Pollination is the process by which pollen is transferred in the reproduction of plants, thereby enabling fertilization and sexual reproduction.
In spite of a common perception that pollen grains are gametes, like the sperm cells of animals, this is incorrect; pollination is a phase in the alternation of generations. Each pollen grain is a male haploid plant, a gametophyte, adapted to being transported to the female gametophyte, where it can achieve fertilization by producing the male gamete (or gametes, in the process of double fertilization).
As such the Angiosperm successful pollen grain (gametophyte) containing the male gametes (sperm) gets transported to the stigma, where it germinates and its pollen tube grows down the style to the ovary. Its two gametes travel down the tube to where the gametophyte(s) containing the female gametes are held within the carpel. One nucleus fuses with the polar bodies to produce the endosperm tissues, and the other with the ovum to produce the embryo Hence the term: "double fertilization".

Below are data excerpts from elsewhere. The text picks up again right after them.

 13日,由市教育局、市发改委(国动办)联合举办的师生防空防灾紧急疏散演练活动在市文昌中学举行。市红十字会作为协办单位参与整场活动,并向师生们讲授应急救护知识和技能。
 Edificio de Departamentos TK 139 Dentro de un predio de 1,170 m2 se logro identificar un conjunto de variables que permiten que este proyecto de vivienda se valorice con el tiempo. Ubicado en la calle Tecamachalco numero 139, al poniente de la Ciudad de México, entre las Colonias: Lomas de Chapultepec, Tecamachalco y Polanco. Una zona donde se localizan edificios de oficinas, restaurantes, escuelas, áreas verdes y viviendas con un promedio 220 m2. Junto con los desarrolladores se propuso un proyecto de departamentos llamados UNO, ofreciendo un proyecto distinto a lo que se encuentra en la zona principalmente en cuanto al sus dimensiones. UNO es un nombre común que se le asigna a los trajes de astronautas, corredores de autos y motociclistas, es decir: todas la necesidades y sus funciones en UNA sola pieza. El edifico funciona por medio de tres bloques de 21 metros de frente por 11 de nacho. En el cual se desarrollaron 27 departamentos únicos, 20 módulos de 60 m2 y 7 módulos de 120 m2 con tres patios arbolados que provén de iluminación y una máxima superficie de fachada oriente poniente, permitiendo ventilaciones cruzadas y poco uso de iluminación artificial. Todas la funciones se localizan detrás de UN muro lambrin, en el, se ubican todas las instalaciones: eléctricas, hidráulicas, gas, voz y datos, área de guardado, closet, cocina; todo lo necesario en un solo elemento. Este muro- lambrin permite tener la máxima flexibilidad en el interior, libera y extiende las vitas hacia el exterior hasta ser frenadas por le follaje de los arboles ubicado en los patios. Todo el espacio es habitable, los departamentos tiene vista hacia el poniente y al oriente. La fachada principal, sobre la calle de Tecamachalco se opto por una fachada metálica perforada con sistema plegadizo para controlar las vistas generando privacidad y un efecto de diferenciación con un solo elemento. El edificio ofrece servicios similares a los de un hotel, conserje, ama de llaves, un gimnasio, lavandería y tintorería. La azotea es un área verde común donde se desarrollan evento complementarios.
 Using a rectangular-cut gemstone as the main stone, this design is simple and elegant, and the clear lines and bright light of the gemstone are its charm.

Pollen is a fine to coarse powder containing the microgametophytes of seed plants, which produce the male gametes (sperm cells). Pollen grains have a hard coat that protects the sperm cells during the process of their movement from the stamens to the pistil of flowering plants or from the male cone to the female cone of coniferous plants. When pollen lands on a compatible pistil or female cone (i.e., when pollination has occurred), it germinates and produces a pollen tube that transfers the sperm to the ovule (or female gametophyte). Individual pollen grains are small enough to require magnification to see detail. The study of pollen is called palynology and is highly useful in paleoecology, paleontology, archeology, and forensics.